Brahm has served since October 2015 as acting director of the southwest Wisconsin hospital once described as “Candyland” for its opioid prescription practices.
While VA officials are praising Brahm for her leadership and celebrating her appointment, sources inside the medical center say prescription drug abuse and other health care delivery concerns remain a problem.
Brahm stepped into the acting leadership role following months of turmoil at the Tomah facility.
Earlier this month, a state agency took away the medical license of Dr. David Houlihan, the former chief of staff and acting medical director at Tomah. Houlihan, who was known as the “Candy Man” after multiple federal investigations found he overprescribed painkillers, was fired in November 2015. He is prohibited from practicing medicine in Wisconsin again, and Houlihan’s disciplinary action will be entered into a national physicians database.

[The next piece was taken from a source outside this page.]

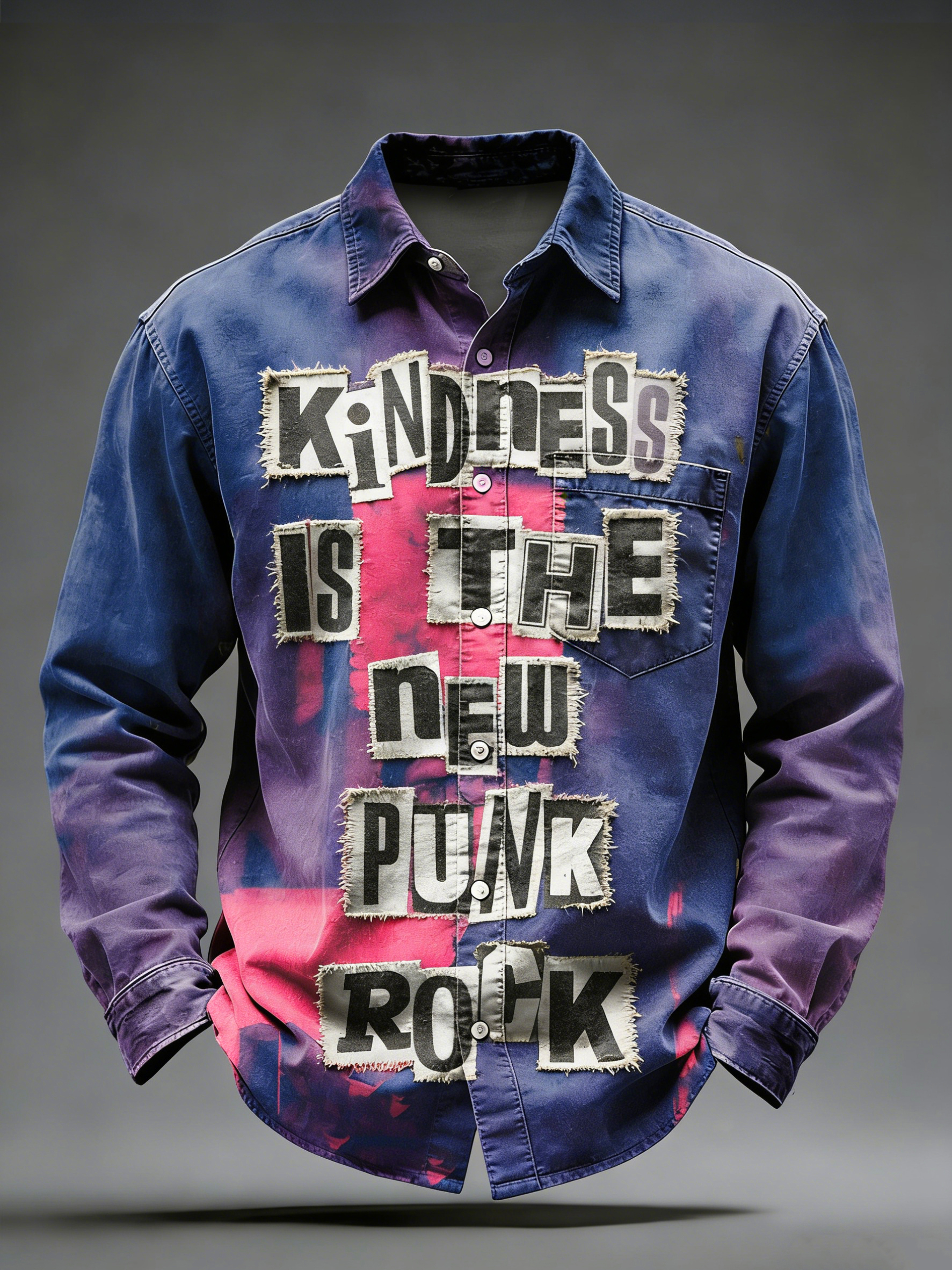 Men's Retro Punk Printed Long Sleeved Pocket Shirt

The initial story, broken by the Center for Investigative Reporting, documented the death of a 35-year-old Marine Corps veteran who died in August 2014 of a toxic cocktail of prescription medications while at the hospital.

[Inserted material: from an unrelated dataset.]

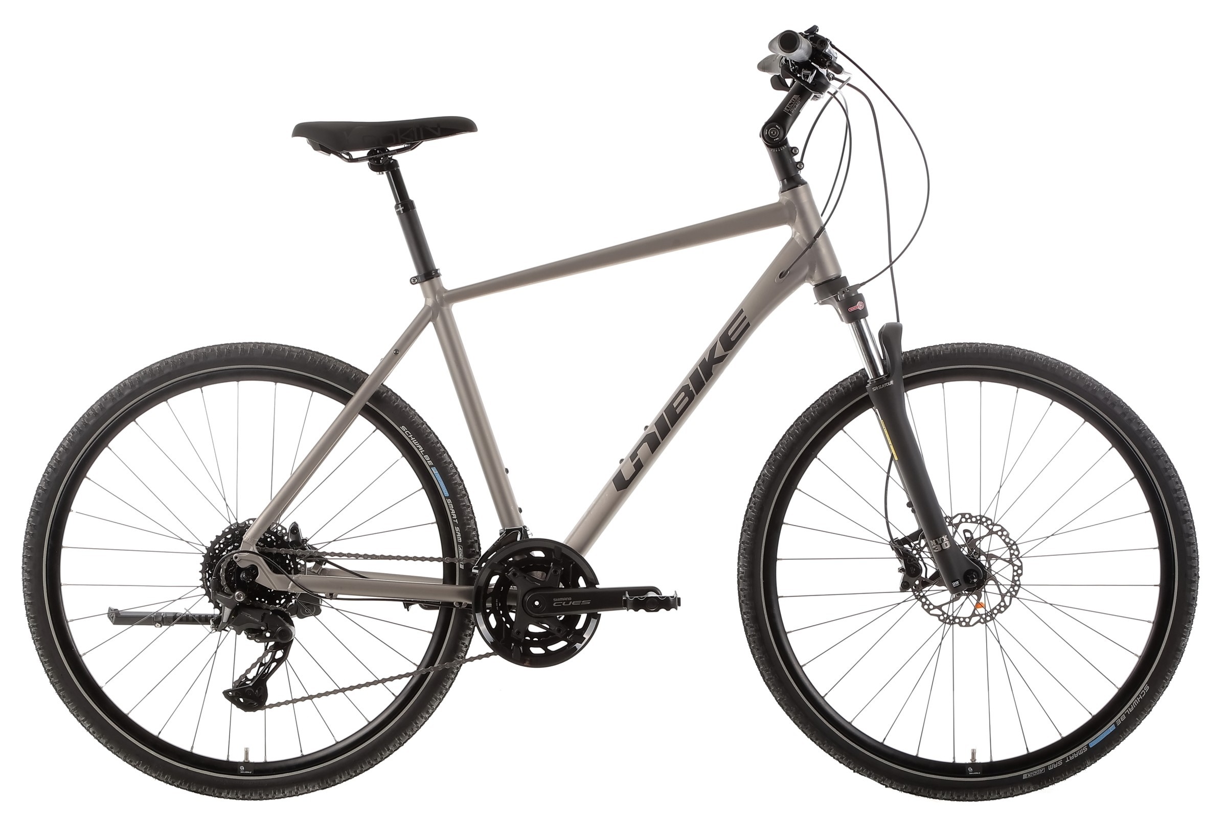 Rower posiada wytrzymałe koła JHT z czarnymi obręczami i zakuwkami oraz piasty SHIMANO QC400. Opony SCHWALBE SMART SAM z mieszanką ADDIX (28x1.65") zapewniają doskonałą przyczepność na różnych nawierzchniach, zarówno w mieście, jak i w terenie.

Brahm was brought in as a “fixer.”
One source who works at the hospital told Wisconsin Watchdog that many of his fellow employees read the recent news about Houlihan as a step in the right direction, but much at the facility is still in need of fixing.

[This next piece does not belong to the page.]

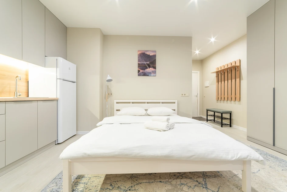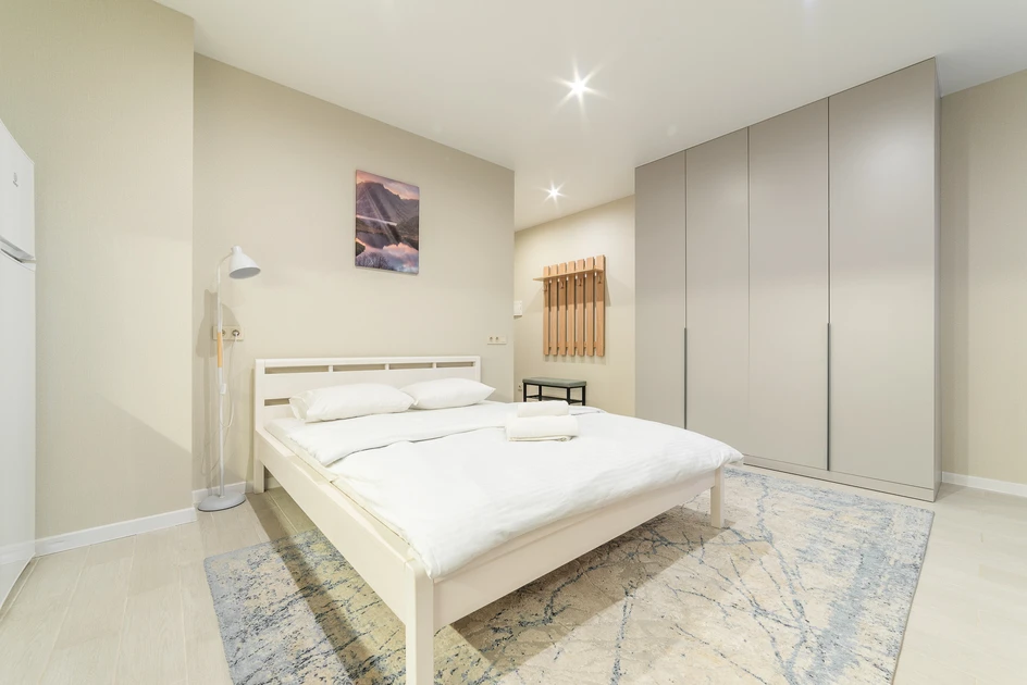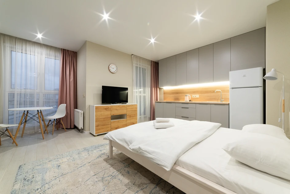 Cozy studio apartment available for short-term rental in the Minsk-World complex at 23 Igorya Luchenka Str. It is located on the 5th floor of a 10-story building equipped with an elevator.

“While this has changed some ways drugs are processed, the problem with over-prescribing and veterans’ abuse of medication still lingers,” said the source, who asked not to be identified for fear of retaliation. “We have many veterans who lash out at the pharmacy and pharmacist and technicians who see the dispensing practices as insane.”
Matthew Gowan, USN (Ret.), public affairs officer for the Tomah VA medical center, said there is no doubt in his mind that quality of care and veterans’ satisfaction with their care have improved under Brahm’s leadership.
He said the VA’s Opioid Safety Initiative has been very successful, although hospital officials hear criticism on “both ends of the spectrum.”
“We have some who say, ‘You’re just stoning veterans out of their minds over here,’ and then you have others who say, ‘You’re just taking needed medications away from veterans,’” Gowan told Wisconsin Watchdog Monday. “It’s really more something in the middle. Each veteran is being looked at by multiple teams. We’re talking about prescription practices attempting to deal with people suffering with chronic pain plus mental health issues.”
There are no one-size-fits-all solutions, the VA official said. It’s an individual treatment plan to fight both pain and addiction.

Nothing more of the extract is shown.